> **INFORMATION SUPPLIED**
★ ★ ★
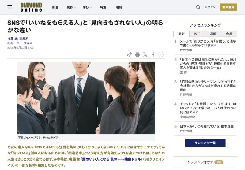 特にダイヤモンド・オンラインの「ビジネススキル」では、書籍の内容の半分ほどが記事として公開されているため、まず記事を精読します。「これは深掘りしたい」と感じたら、迷わずその本を借りるという判断基準に。
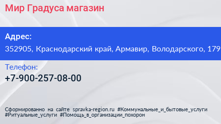 Мир Градуса, магазин по адресу 352905, Краснодарский край, Армавир, Володарского, 179 в дальнейшем Организация, размещена в следующих категориях:
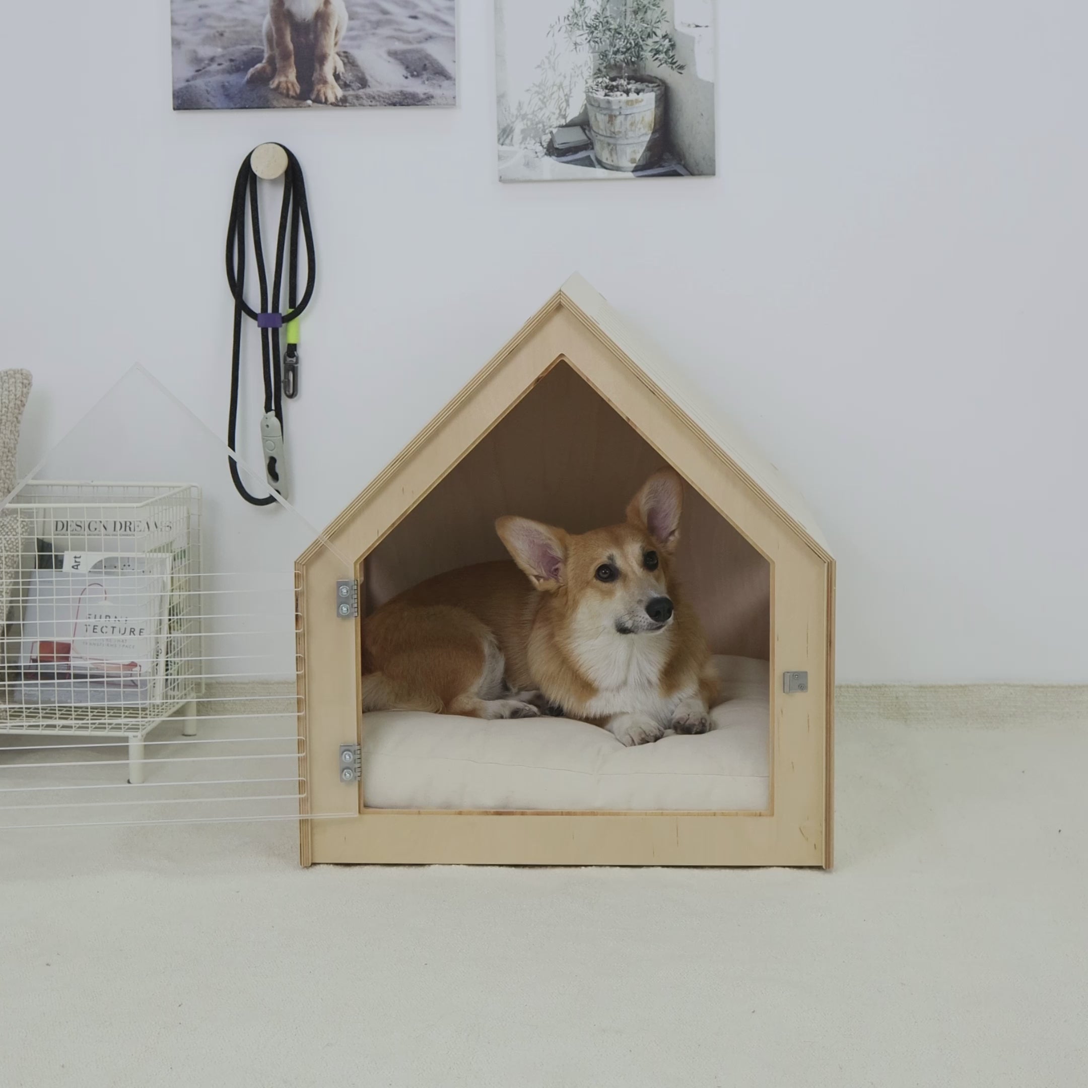 The crate is designed with proper ventilation in mind, featuring slotted openings that maintain fresh air circulation. Its materials are eco-friendly and non-toxic, reflecting a commitment to sustainability. This design caters to the natural needs of animals, offering a cozy and safe retreat. Perfect for interiors with minimalist or Scandinavian aesthetics.
★ ★ ★
> **TASK**
Pictures are not part of the copy; retype all the other material exactly.

> **FINAL ANSWER**
 特にダイヤモンド・オンラインの「ビジネススキル」では、書籍の内容の半分ほどが記事として公開されているため、まず記事を精読します。「これは深掘りしたい」と感じたら、迷わずその本を借りるという判断基準に。
 Мир Градуса, магазин по адресу 352905, Краснодарский край, Армавир, Володарского, 179 в дальнейшем Организация, размещена в следующих категориях:
 The crate is designed with proper ventilation in mind, featuring slotted openings that maintain fresh air circulation. Its materials are eco-friendly and non-toxic, reflecting a commitment to sustainability. This design caters to the natural needs of animals, offering a cozy and safe retreat. Perfect for interiors with minimalist or Scandinavian aesthetics.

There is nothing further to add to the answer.